When I first submitted it to the competition, the spreadsheet required a full 7 card hand (2 player pocket cards, and 5 on the board) to display the win percentages. Pre-calculated Preflop odds were also displayed before the hand was dealt, but other than that the features were quite basic. For the second submission, I altered the spreadsheet to use a Monte Carlo algorithm to allow predicting the win percentages on the Flop and Turn after running a few hundred trials on each group. On slower machines this might take up to 10 seconds to complete, but on a modern dual core machine it would only take a second or two to recalculate the spreadsheet. I now thought that this was the most amazing spreadsheet ever created, but sadly it did not win the competition. In my rush to win glory and fame I had neglected to pay any attention to the UI design or add any documentation about how to use the spreadsheet. It turns out I wasn't the only one.

At first I was a bit distraught, but after taking a step back it was clear to see that there was still work that needed to be done before it was a respectable spreadsheet. I was happy with how the spreadsheet worked, so I turned focus to creating a better User Interface and adding a built in help system. Since Resolver One is built on the .NET framework, you can add things like windows forms and controls. After a bit of fiddling with this project I was able to create a basic multi-tab embedded browser that would appear when clicking a Help button on the sheet. The browser ran in it's own thread, and you could program which pages would appear in each tab. This allowed creating HTML based help files that could be posted online or embedded directly into the spreadsheet. I also attempted to create a full tutorial system where clicking a button on a help page would perform an action on the spreadsheet (change value, highlight cell, etc), but I ran into some problems with changing the spreadsheet from a separate thread and was not able to finish this feature. I submitted the new Texas Holdem Monte Carlo Simulator spreadsheet to the competition with documentation, and was very happy with the results!

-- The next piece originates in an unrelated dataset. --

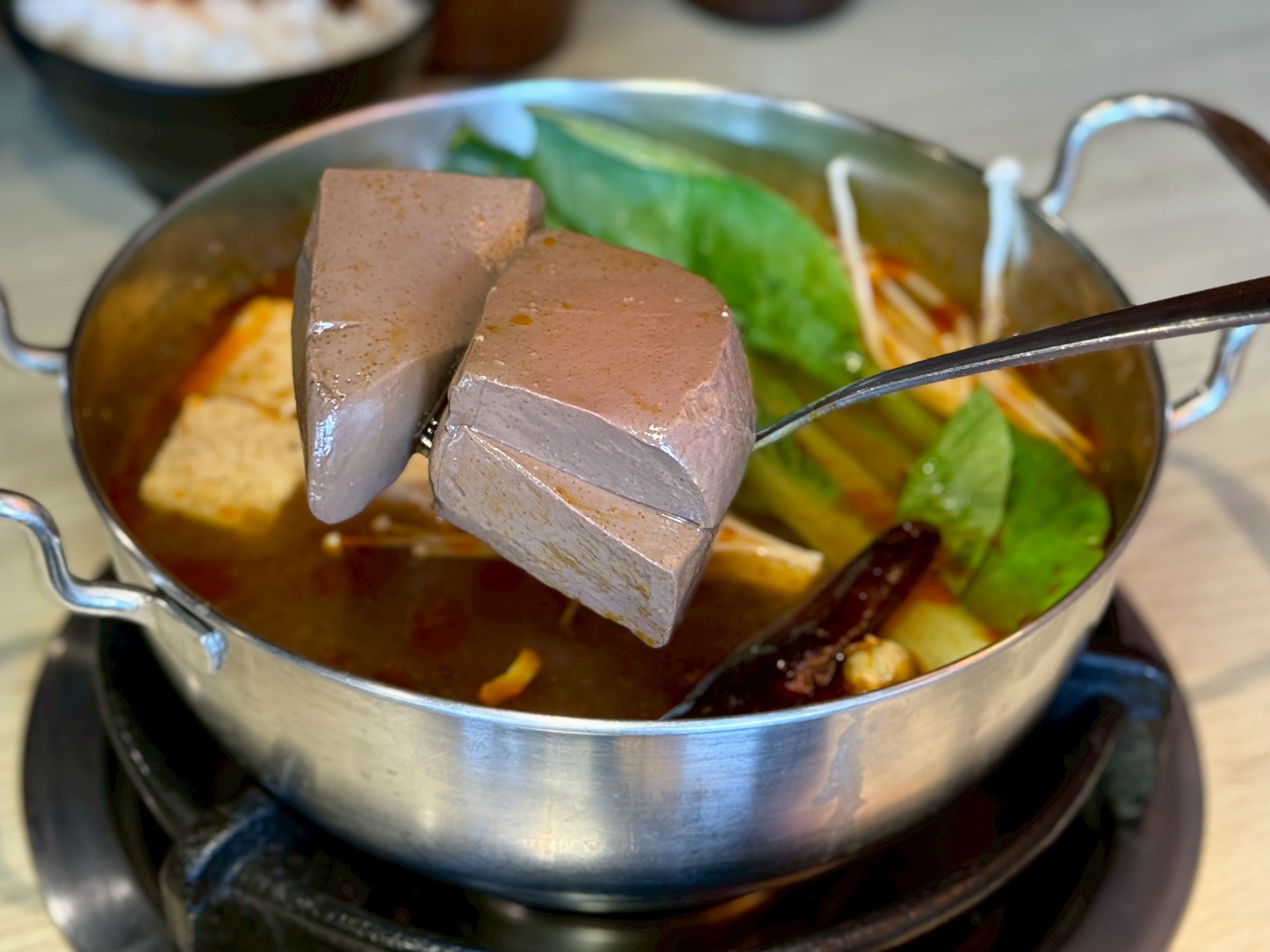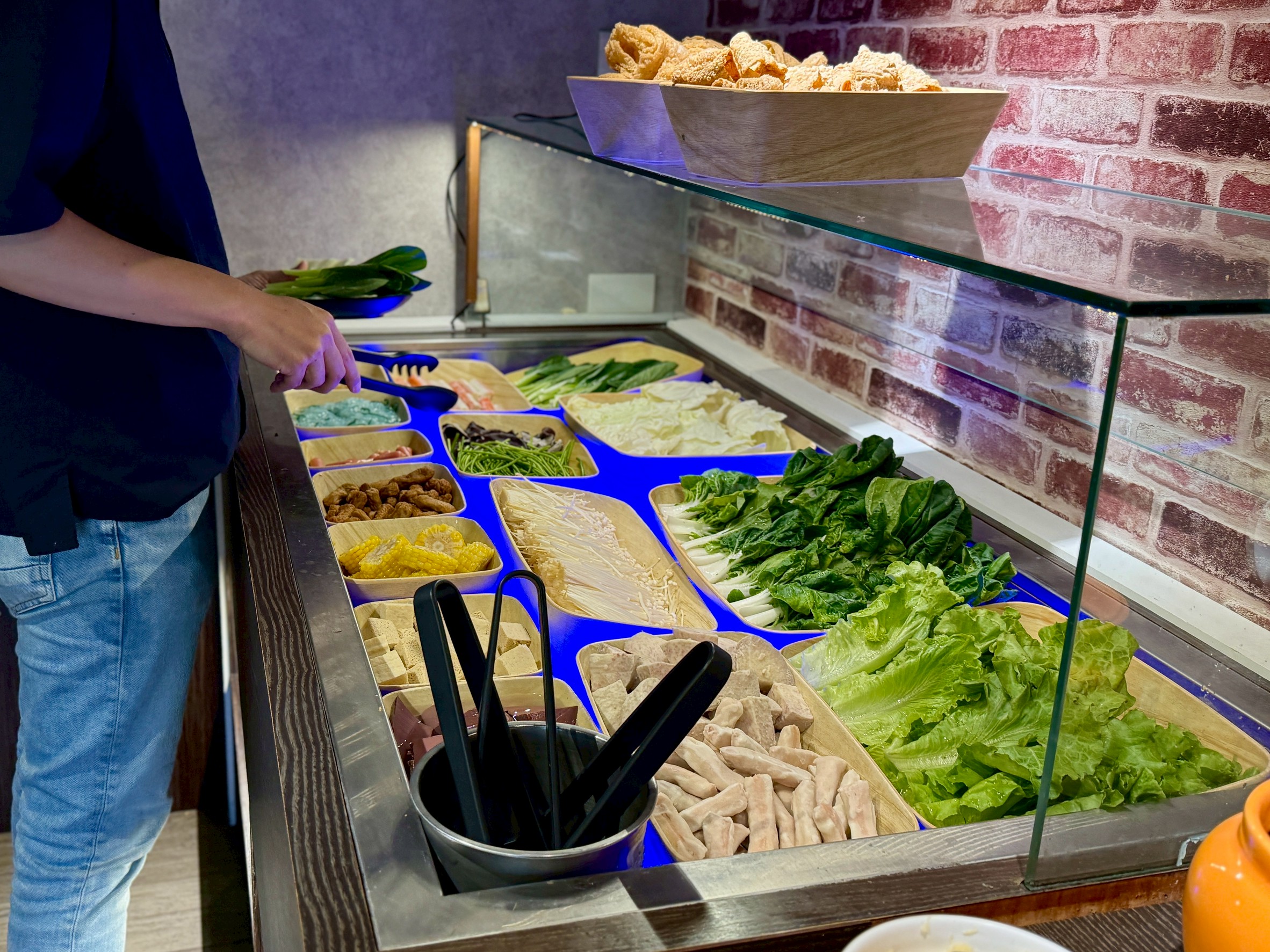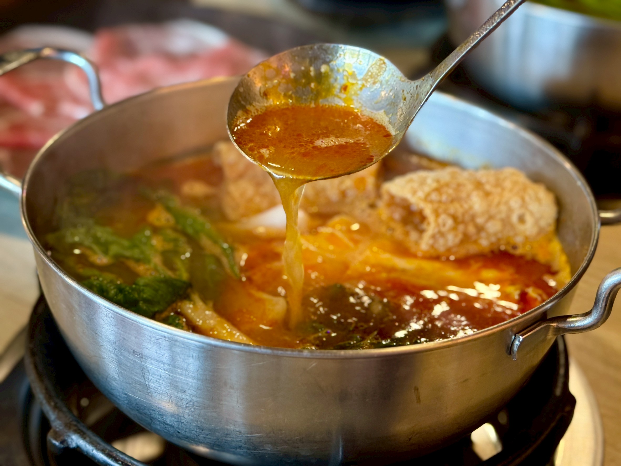 沒想到這裡也吃的到南洋風味的鍋底,新加坡蝦醬叻沙鍋看起來紅通通的,但其實不會很辣,湯底結合了濃郁的椰奶香、辛香料的層次感

Overall I have to say that Resolver One is a very innovative program, and while there are still some rough edges I can see a lot of potential for this to be a new killer application for spreadsheets. The basic features are very easy to use, and if you know Python or have a programming background you should be able to code up whatever special functionality you want. It reminds me a lot of when I first started using Powershell, and it is definitely something that I will keep in my arsenal of tools for attacking complex problems.